[Saved data entries]
################

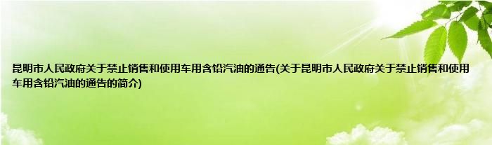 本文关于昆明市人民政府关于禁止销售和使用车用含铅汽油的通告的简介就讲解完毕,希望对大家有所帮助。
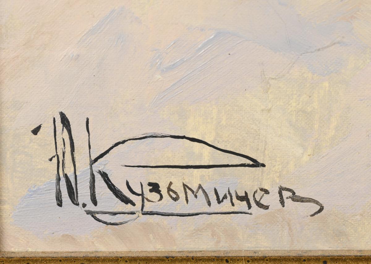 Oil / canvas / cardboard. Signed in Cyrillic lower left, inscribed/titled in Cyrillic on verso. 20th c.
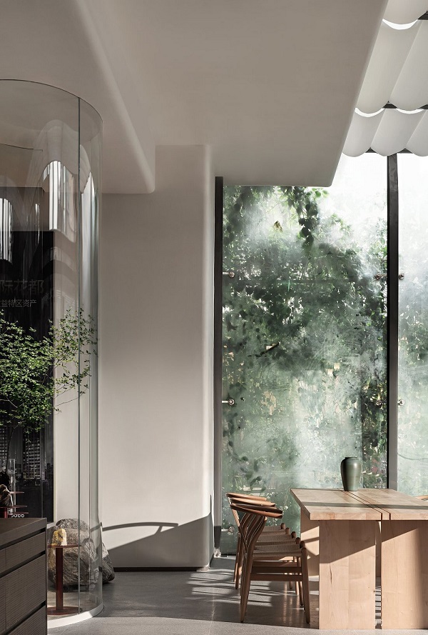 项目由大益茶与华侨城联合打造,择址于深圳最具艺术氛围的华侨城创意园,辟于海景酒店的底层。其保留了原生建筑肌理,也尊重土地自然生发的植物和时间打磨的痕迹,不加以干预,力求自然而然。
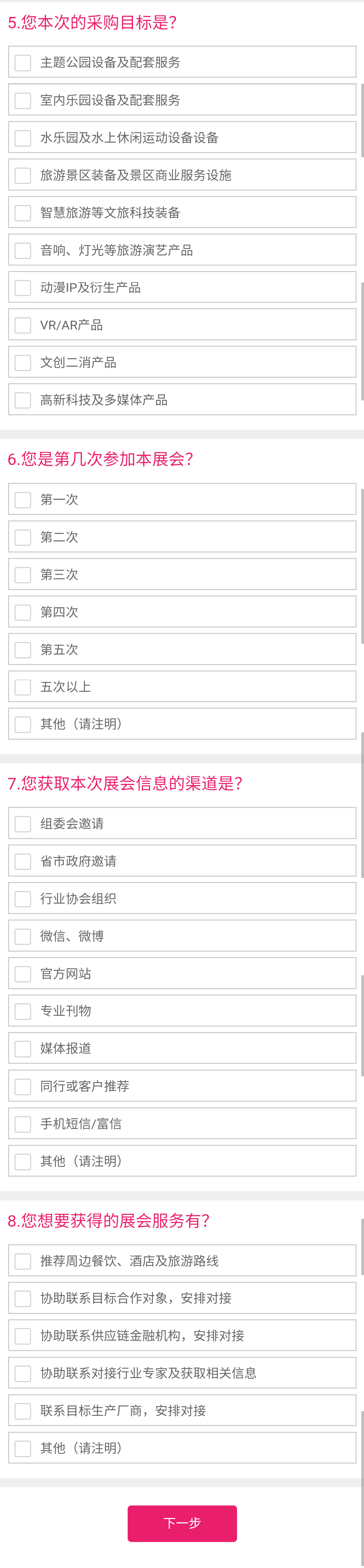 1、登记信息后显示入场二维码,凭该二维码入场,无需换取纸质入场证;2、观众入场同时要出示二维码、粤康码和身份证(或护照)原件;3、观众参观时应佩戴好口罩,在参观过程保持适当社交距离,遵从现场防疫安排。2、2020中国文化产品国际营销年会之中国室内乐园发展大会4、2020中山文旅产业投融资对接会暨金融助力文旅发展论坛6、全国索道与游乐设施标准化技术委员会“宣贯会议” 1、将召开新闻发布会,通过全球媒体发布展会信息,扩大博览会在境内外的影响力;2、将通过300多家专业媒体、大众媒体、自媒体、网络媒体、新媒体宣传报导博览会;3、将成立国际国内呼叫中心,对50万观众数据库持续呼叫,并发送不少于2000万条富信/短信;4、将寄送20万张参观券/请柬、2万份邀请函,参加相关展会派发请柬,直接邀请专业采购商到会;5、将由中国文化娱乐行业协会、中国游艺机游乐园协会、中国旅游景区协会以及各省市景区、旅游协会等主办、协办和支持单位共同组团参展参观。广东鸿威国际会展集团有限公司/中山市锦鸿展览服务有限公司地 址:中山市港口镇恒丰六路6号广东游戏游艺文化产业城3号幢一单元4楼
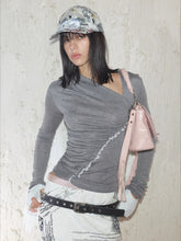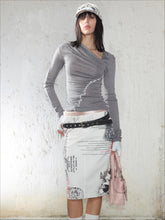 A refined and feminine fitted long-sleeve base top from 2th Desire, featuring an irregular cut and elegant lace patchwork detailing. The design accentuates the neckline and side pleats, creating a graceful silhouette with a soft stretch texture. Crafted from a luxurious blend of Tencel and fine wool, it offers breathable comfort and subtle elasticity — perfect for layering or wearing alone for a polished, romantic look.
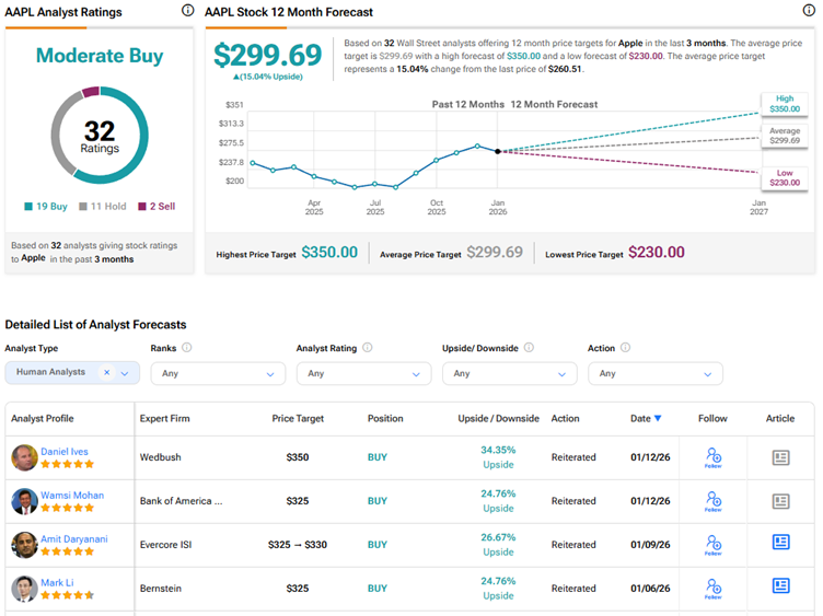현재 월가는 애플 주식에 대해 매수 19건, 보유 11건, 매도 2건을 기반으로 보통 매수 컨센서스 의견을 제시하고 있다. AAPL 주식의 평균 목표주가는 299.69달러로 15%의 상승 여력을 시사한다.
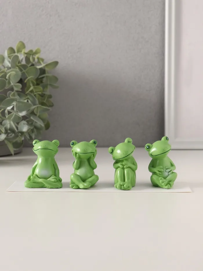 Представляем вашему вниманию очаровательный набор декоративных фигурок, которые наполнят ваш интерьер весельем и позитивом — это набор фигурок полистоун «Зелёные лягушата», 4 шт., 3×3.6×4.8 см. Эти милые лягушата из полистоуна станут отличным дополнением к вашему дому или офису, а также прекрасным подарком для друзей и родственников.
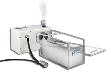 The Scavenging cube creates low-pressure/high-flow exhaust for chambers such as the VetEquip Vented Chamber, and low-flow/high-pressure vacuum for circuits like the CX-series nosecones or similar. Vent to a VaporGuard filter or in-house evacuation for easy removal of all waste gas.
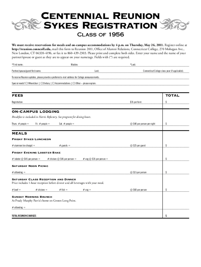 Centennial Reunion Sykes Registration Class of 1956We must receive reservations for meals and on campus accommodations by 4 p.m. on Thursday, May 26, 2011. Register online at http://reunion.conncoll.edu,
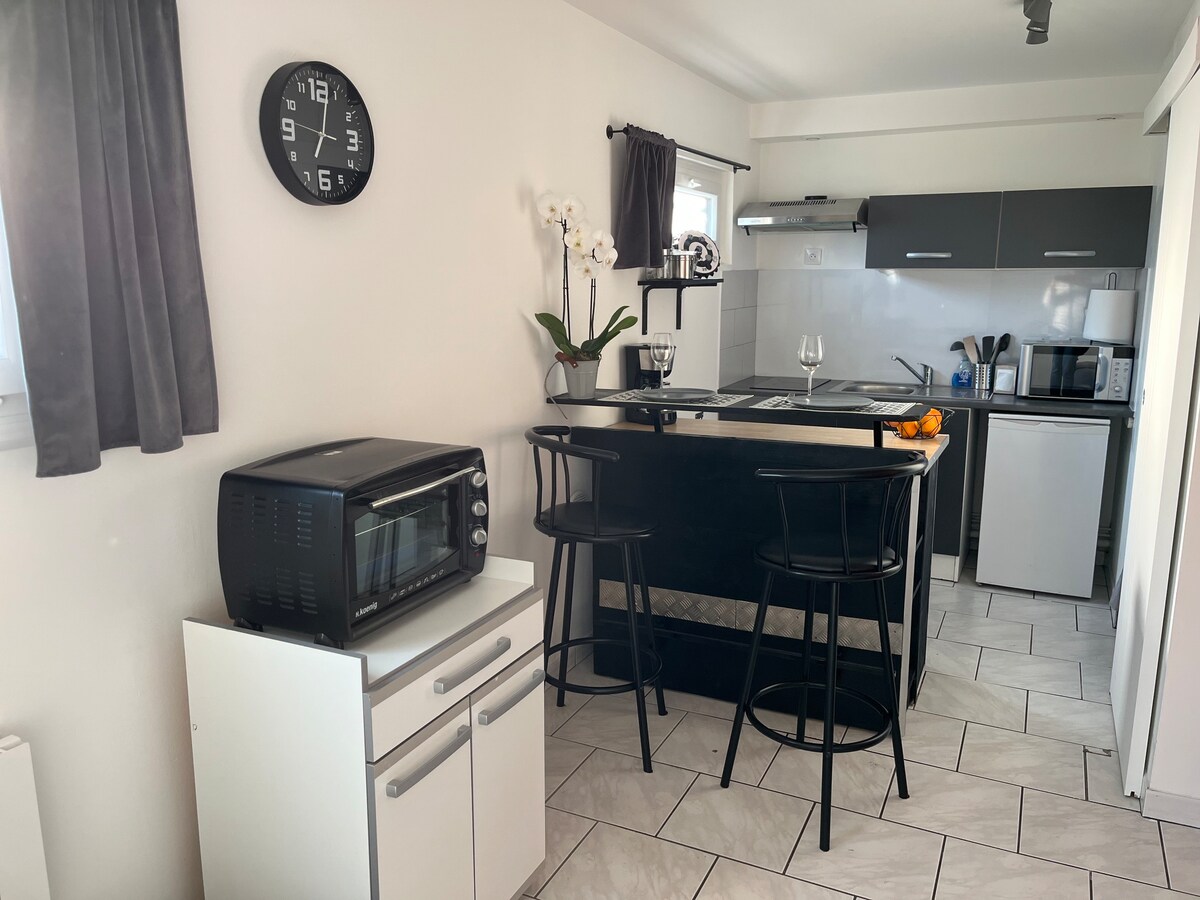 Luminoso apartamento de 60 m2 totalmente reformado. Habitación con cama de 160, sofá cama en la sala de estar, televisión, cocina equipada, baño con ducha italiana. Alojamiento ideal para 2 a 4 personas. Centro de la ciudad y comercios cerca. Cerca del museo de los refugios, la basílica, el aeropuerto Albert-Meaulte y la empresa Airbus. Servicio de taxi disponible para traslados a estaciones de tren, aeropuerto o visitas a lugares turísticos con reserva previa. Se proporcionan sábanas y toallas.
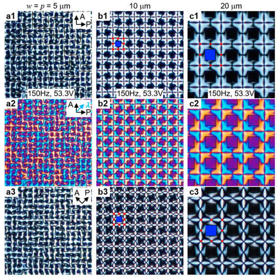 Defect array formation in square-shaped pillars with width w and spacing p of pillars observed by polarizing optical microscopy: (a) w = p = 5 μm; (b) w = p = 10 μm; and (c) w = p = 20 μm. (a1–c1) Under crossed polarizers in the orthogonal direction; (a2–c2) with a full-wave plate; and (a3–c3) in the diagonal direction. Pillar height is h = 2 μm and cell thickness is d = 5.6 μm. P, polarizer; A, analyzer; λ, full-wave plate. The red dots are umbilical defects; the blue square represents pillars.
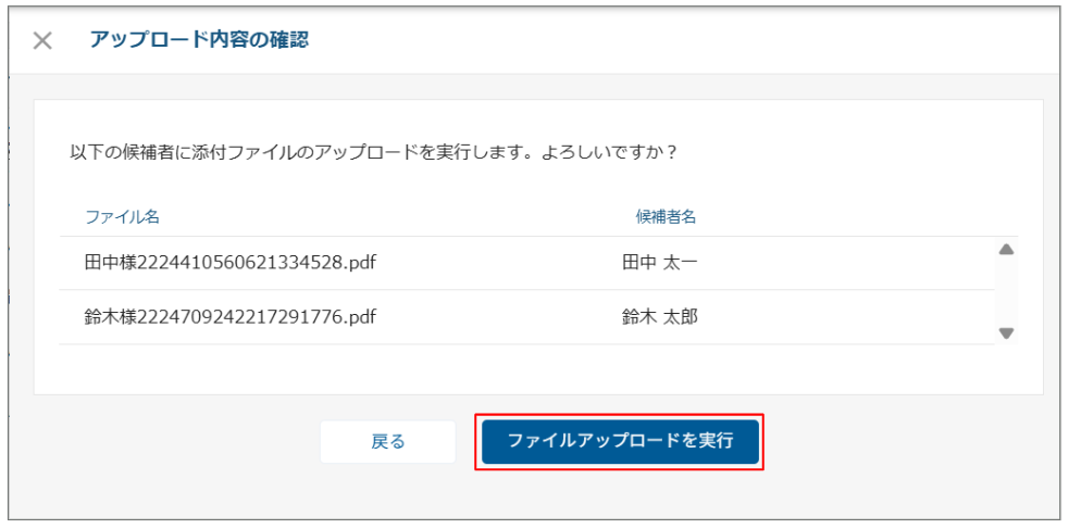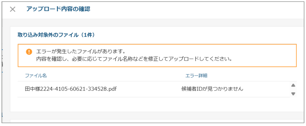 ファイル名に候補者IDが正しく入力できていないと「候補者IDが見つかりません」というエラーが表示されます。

################

What is needed: From the first line to the last, repeat the records exactly and skip the pictures.

Result for this task:
 本文关于昆明市人民政府关于禁止销售和使用车用含铅汽油的通告的简介就讲解完毕,希望对大家有所帮助。
 Oil / canvas / cardboard. Signed in Cyrillic lower left, inscribed/titled in Cyrillic on verso. 20th c.
 项目由大益茶与华侨城联合打造,择址于深圳最具艺术氛围的华侨城创意园,辟于海景酒店的底层。其保留了原生建筑肌理,也尊重土地自然生发的植物和时间打磨的痕迹,不加以干预,力求自然而然。
 1、登记信息后显示入场二维码,凭该二维码入场,无需换取纸质入场证;2、观众入场同时要出示二维码、粤康码和身份证(或护照)原件;3、观众参观时应佩戴好口罩,在参观过程保持适当社交距离,遵从现场防疫安排。2、2020中国文化产品国际营销年会之中国室内乐园发展大会4、2020中山文旅产业投融资对接会暨金融助力文旅发展论坛6、全国索道与游乐设施标准化技术委员会“宣贯会议” 1、将召开新闻发布会,通过全球媒体发布展会信息,扩大博览会在境内外的影响力;2、将通过300多家专业媒体、大众媒体、自媒体、网络媒体、新媒体宣传报导博览会;3、将成立国际国内呼叫中心,对50万观众数据库持续呼叫,并发送不少于2000万条富信/短信;4、将寄送20万张参观券/请柬、2万份邀请函,参加相关展会派发请柬,直接邀请专业采购商到会;5、将由中国文化娱乐行业协会、中国游艺机游乐园协会、中国旅游景区协会以及各省市景区、旅游协会等主办、协办和支持单位共同组团参展参观。广东鸿威国际会展集团有限公司/中山市锦鸿展览服务有限公司地 址:中山市港口镇恒丰六路6号广东游戏游艺文化产业城3号幢一单元4楼
 A refined and feminine fitted long-sleeve base top from 2th Desire, featuring an irregular cut and elegant lace patchwork detailing. The design accentuates the neckline and side pleats, creating a graceful silhouette with a soft stretch texture. Crafted from a luxurious blend of Tencel and fine wool, it offers breathable comfort and subtle elasticity — perfect for layering or wearing alone for a polished, romantic look.
현재 월가는 애플 주식에 대해 매수 19건, 보유 11건, 매도 2건을 기반으로 보통 매수 컨센서스 의견을 제시하고 있다. AAPL 주식의 평균 목표주가는 299.69달러로 15%의 상승 여력을 시사한다.
 Представляем вашему вниманию очаровательный набор декоративных фигурок, которые наполнят ваш интерьер весельем и позитивом — это набор фигурок полистоун «Зелёные лягушата», 4 шт., 3×3.6×4.8 см. Эти милые лягушата из полистоуна станут отличным дополнением к вашему дому или офису, а также прекрасным подарком для друзей и родственников.
 The Scavenging cube creates low-pressure/high-flow exhaust for chambers such as the VetEquip Vented Chamber, and low-flow/high-pressure vacuum for circuits like the CX-series nosecones or similar. Vent to a VaporGuard filter or in-house evacuation for easy removal of all waste gas.
 Centennial Reunion Sykes Registration Class of 1956We must receive reservations for meals and on campus accommodations by 4 p.m. on Thursday, May 26, 2011. Register online at http://reunion.conncoll.edu,
 Luminoso apartamento de 60 m2 totalmente reformado. Habitación con cama de 160, sofá cama en la sala de estar, televisión, cocina equipada, baño con ducha italiana. Alojamiento ideal para 2 a 4 personas. Centro de la ciudad y comercios cerca. Cerca del museo de los refugios, la basílica, el aeropuerto Albert-Meaulte y la empresa Airbus. Servicio de taxi disponible para traslados a estaciones de tren, aeropuerto o visitas a lugares turísticos con reserva previa. Se proporcionan sábanas y toallas.
 Defect array formation in square-shaped pillars with width w and spacing p of pillars observed by polarizing optical microscopy: (a) w = p = 5 μm; (b) w = p = 10 μm; and (c) w = p = 20 μm. (a1–c1) Under crossed polarizers in the orthogonal direction; (a2–c2) with a full-wave plate; and (a3–c3) in the diagonal direction. Pillar height is h = 2 μm and cell thickness is d = 5.6 μm. P, polarizer; A, analyzer; λ, full-wave plate. The red dots are umbilical defects; the blue square represents pillars.
 ファイル名に候補者IDが正しく入力できていないと「候補者IDが見つかりません」というエラーが表示されます。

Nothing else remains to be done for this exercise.